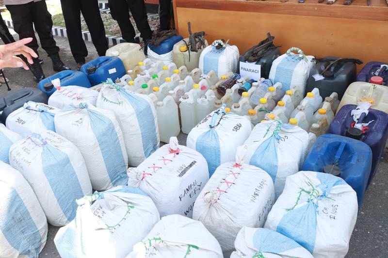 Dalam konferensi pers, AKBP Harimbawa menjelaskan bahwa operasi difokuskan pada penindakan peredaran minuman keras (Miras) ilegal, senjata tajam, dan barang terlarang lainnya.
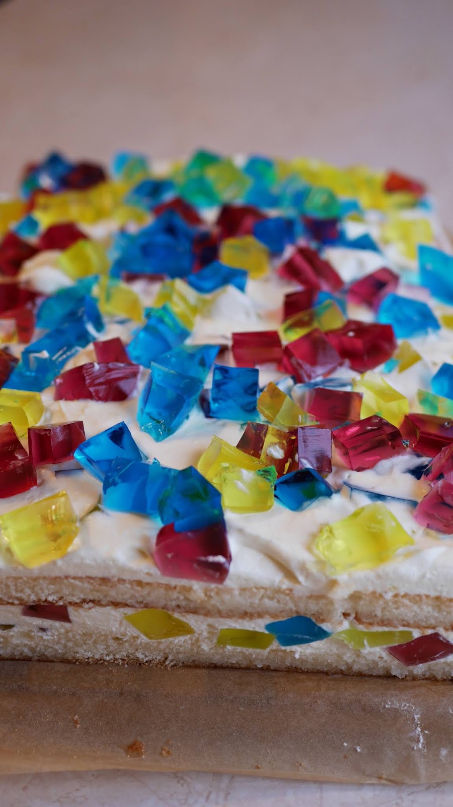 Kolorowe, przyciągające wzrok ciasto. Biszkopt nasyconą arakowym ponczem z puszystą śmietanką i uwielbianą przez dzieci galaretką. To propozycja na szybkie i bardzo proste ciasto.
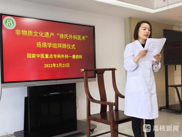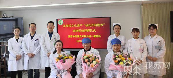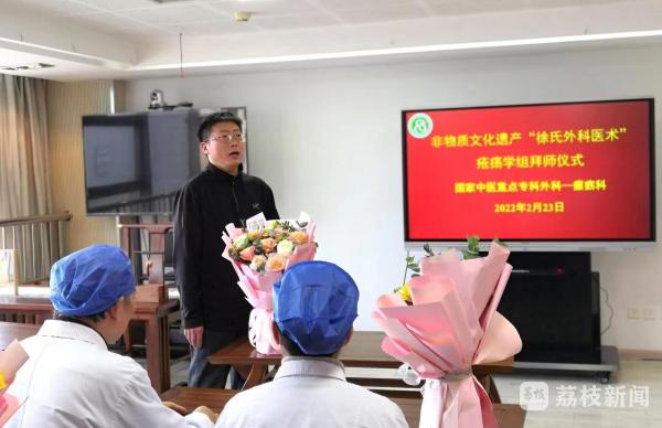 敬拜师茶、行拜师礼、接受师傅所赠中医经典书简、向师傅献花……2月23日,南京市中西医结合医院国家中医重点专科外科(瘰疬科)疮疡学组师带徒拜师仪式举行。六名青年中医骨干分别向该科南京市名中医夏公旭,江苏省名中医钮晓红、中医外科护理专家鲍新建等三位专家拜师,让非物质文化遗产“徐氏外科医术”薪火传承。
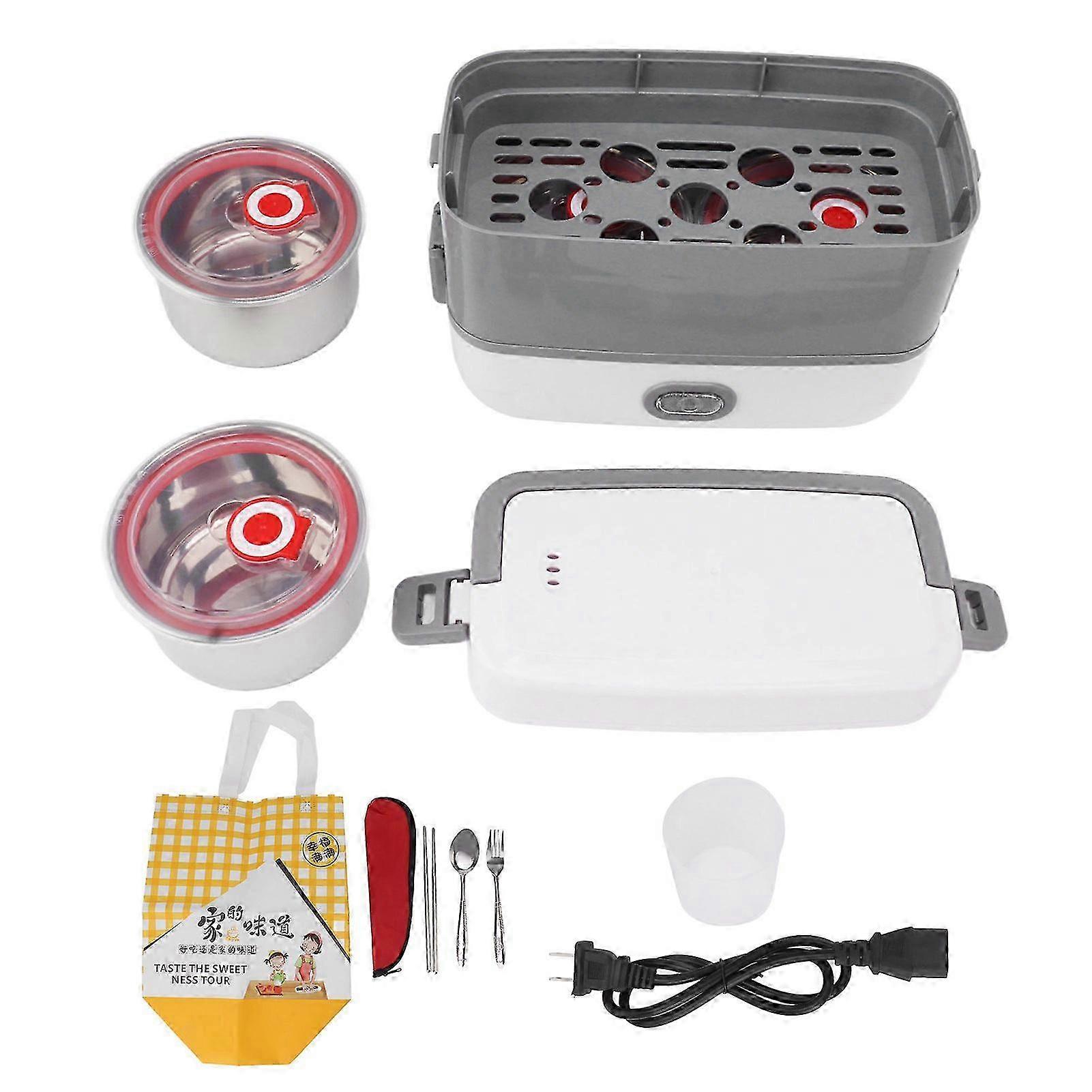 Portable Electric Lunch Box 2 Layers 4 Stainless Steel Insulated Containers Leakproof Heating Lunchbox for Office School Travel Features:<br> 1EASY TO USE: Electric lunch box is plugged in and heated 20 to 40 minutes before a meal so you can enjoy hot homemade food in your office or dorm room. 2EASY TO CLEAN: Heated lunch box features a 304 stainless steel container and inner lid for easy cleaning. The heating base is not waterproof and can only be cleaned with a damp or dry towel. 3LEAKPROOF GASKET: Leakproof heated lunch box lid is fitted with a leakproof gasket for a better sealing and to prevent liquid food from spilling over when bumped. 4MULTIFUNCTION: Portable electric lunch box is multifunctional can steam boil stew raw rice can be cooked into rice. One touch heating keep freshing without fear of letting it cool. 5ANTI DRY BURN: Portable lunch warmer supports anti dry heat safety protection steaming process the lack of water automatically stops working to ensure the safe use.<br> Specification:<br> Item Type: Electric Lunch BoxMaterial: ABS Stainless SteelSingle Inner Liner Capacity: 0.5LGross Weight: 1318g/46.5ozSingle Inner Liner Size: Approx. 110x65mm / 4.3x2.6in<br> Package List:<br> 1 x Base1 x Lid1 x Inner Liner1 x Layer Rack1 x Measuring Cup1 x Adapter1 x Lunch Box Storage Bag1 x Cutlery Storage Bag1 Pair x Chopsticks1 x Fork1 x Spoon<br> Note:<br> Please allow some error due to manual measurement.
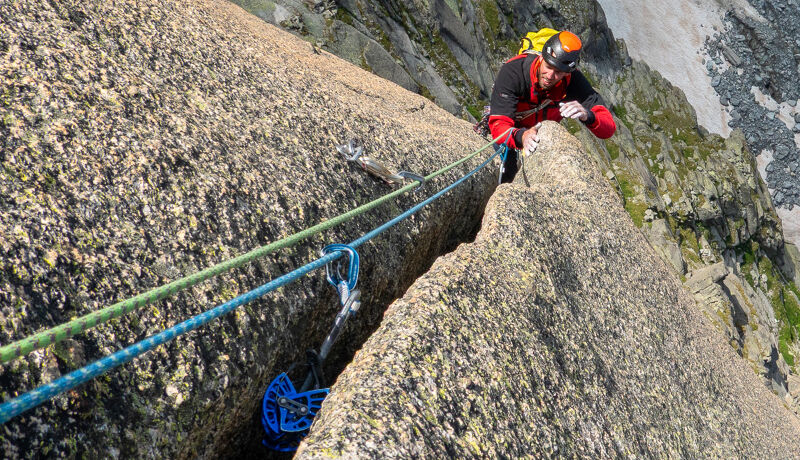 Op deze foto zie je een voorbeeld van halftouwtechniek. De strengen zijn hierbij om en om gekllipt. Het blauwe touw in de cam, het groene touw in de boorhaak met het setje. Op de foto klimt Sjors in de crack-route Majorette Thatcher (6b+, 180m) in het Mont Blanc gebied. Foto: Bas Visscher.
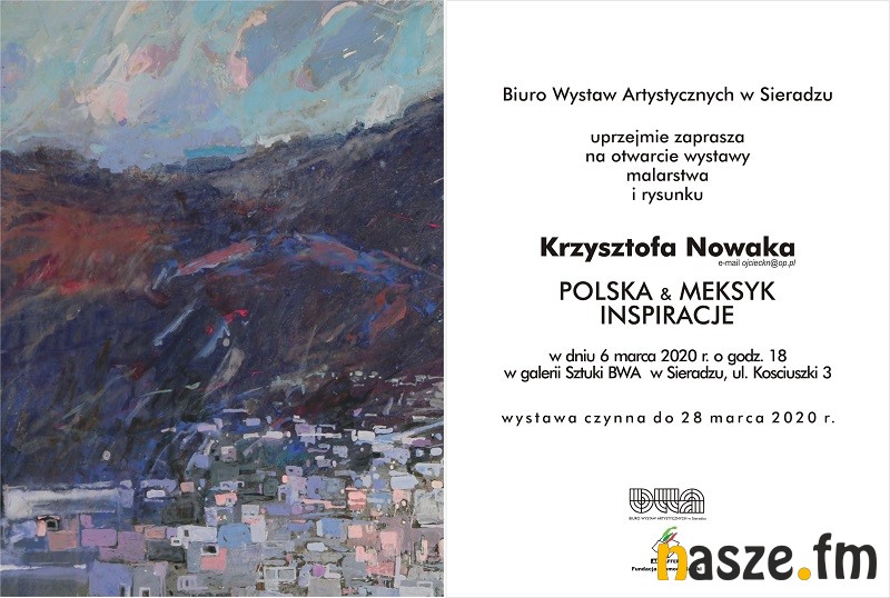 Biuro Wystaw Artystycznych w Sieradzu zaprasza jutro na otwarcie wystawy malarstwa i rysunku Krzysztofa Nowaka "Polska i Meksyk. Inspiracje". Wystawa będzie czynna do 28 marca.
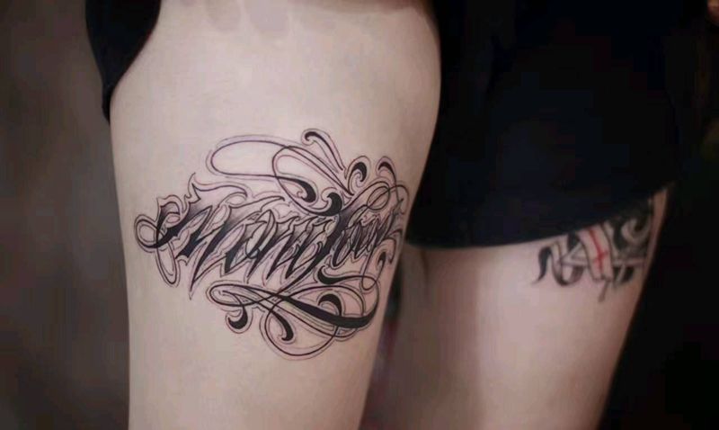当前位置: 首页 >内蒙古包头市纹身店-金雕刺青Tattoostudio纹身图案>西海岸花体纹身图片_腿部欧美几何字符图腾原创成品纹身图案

***

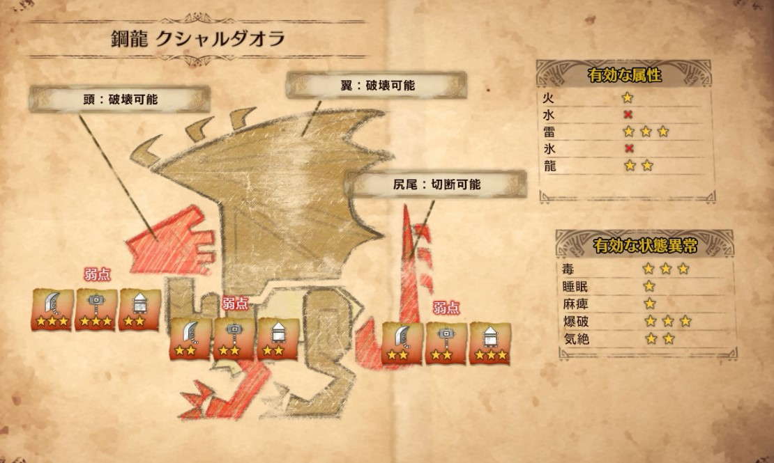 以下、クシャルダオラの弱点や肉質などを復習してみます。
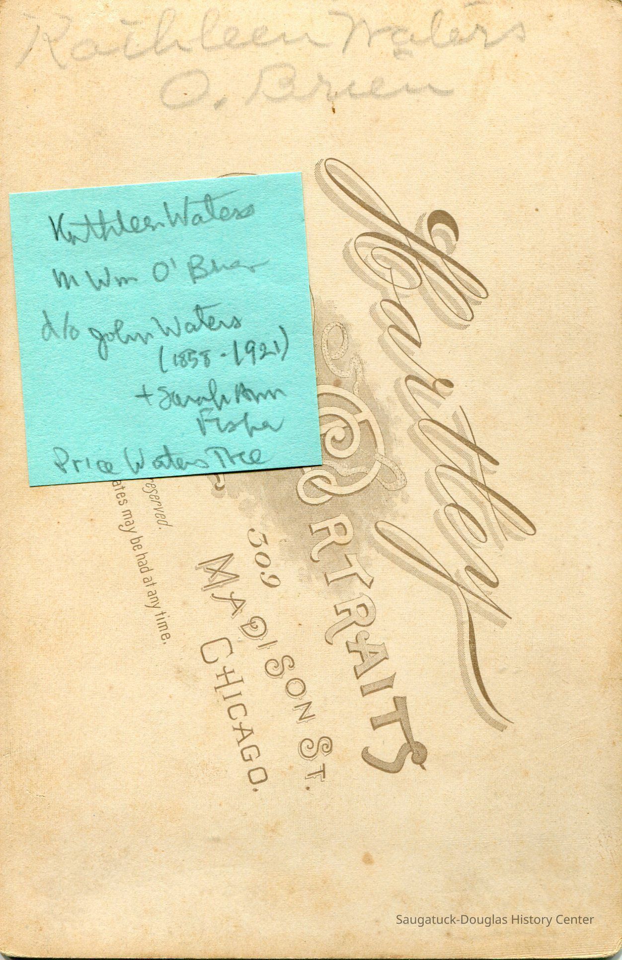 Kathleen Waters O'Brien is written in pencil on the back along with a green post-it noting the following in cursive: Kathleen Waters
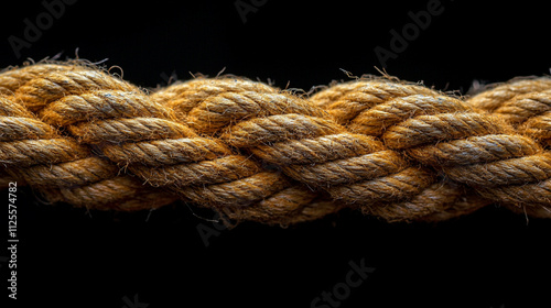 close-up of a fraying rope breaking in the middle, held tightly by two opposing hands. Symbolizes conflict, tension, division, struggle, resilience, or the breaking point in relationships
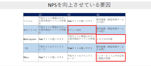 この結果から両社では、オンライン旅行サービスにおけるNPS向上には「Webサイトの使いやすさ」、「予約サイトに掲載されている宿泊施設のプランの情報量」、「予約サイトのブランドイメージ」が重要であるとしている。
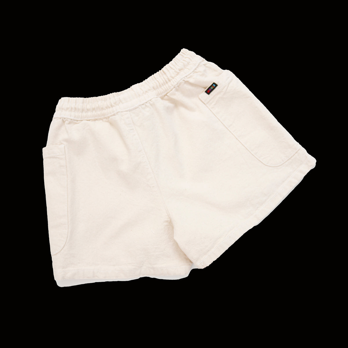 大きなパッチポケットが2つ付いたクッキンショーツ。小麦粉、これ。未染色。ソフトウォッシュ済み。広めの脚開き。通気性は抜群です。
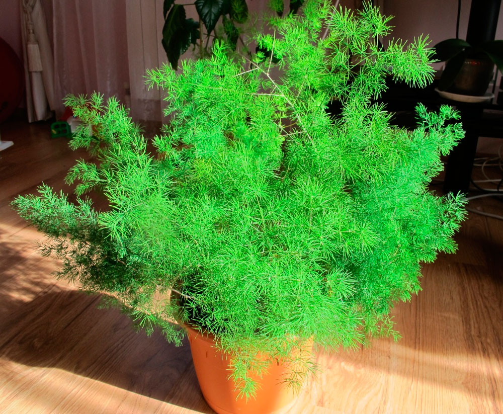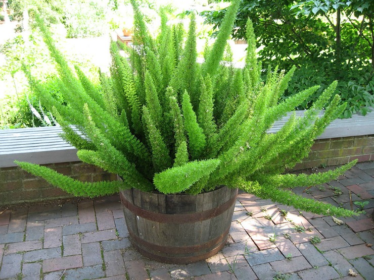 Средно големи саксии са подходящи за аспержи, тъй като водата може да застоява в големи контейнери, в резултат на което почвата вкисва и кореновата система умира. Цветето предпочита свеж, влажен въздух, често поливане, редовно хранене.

***

● What this task involves: Skip every picture, and restate word for word only the lines above from the line containing "close-up of a" to the line containing "Средно големи саксии", both of them included.

● Output for this exercise:
 close-up of a fraying rope breaking in the middle, held tightly by two opposing hands. Symbolizes conflict, tension, division, struggle, resilience, or the breaking point in relationships
 この結果から両社では、オンライン旅行サービスにおけるNPS向上には「Webサイトの使いやすさ」、「予約サイトに掲載されている宿泊施設のプランの情報量」、「予約サイトのブランドイメージ」が重要であるとしている。
 大きなパッチポケットが2つ付いたクッキンショーツ。小麦粉、これ。未染色。ソフトウォッシュ済み。広めの脚開き。通気性は抜群です。
 Средно големи саксии са подходящи за аспержи, тъй като водата може да застоява в големи контейнери, в резултат на което почвата вкисва и кореновата система умира. Цветето предпочита свеж, влажен въздух, често поливане, редовно хранене.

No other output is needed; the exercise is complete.